La terra, nostra casa comune, protesta per il male che provochiamo a causa dell’uso irresponsabile e dell’abuso dei beni che Dio ha posto in lei. Siamo cresciuti pensando che eravamo suoi proprietari e dominatori, autorizzati a saccheggiarla. Serve davvero una «conversione ecologica».
Dalla rilettura dell’Enciclica Laudato Si’ di papa Francesco, soprattutto qui, in questa terra guaranì sorge una riflessione da una realtà che, in questi giorni, colpisce Potrero Gonzales Norte, una comunità della nostra area missionaria. Nella foto qui sopra si vedono i pesci morti a causa dei processi di fumigazione nelle nostre zone. Il pesce che ora non c’è più era il cibo per molte famiglie delle nostre comunità.
Purtroppo qui nel Neembucu, nostra terra di missione, la terra è utilizzata dai grandi proprietari brasiliani per la coltivazione del riso. E’ una terra oramai molto inquinata per l’uso di pesticidi e della fumigazione: metodo di disinfestazione tramite il quale si riempie completamente una zona con gas biocidi, definiti fumiganti, per soffocare o avvelenare tutti i parassiti e i germi all’interno. I gas usati uccidono ogni essere vivente e sono ovviamente nocivi anche per l’uomo. Crediamo che il rispetto dell’ambiente, la preoccupazione per la natura e la giustizia verso i poveri è un impegno comune.

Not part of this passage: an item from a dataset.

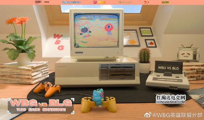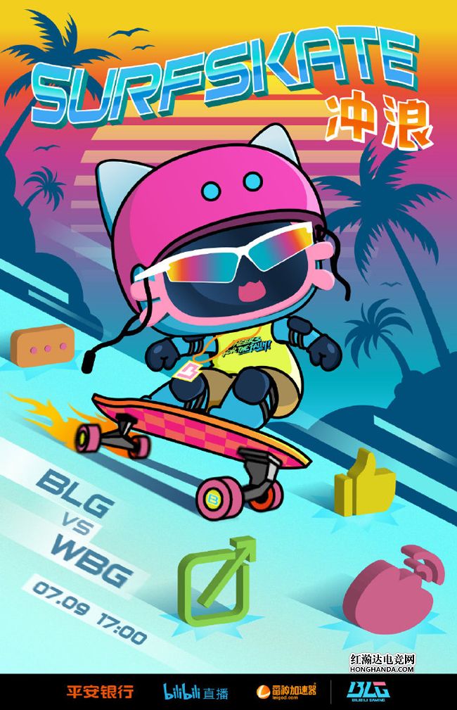 BLG的海报标题是“冲浪”,吉祥物“电视喵”脚踏滑板,从山上一跃而下,翻过地面上WBG“大眼仔”轮廓的障碍就能抵达终点。BLG在夏季赛的状态起伏不定,目前积分2-5排名第13,今天的首发中野是FoFo加新人小将can,希望他们能顶住压力证明自己。

Proprio al n. 36 dell’enciclica il papa dice: “La cura degli ecosistemi richiede uno sguardo che vada aldilà dell’immediato, perché quando si cerca solo un profitto economico rapido e facile, a nessuno interessa veramente la loro preservazione. Ma il costo dei danni provocati dall’incuria egoistica è di gran lunga più elevato del beneficio economico che si può ottenere. Nel caso della perdita o del serio danneggiamento di alcune specie, stiamo parlando di valori che eccedono qualunque calcolo. Per questo, non possiamo essere testimoni muti di gravissime inequità quando si pretende di ottenere importanti benefici facendo pagare al resto dell’umanità, presente e futura, gli altissimi costi del degrado ambientale”. (don Giovanni Fighera, don Gianfranco Pegoraro, Germana Gallina e Debora Niero, missionari fidei donum a san Juan Bautista de las Misiones, Paraguay)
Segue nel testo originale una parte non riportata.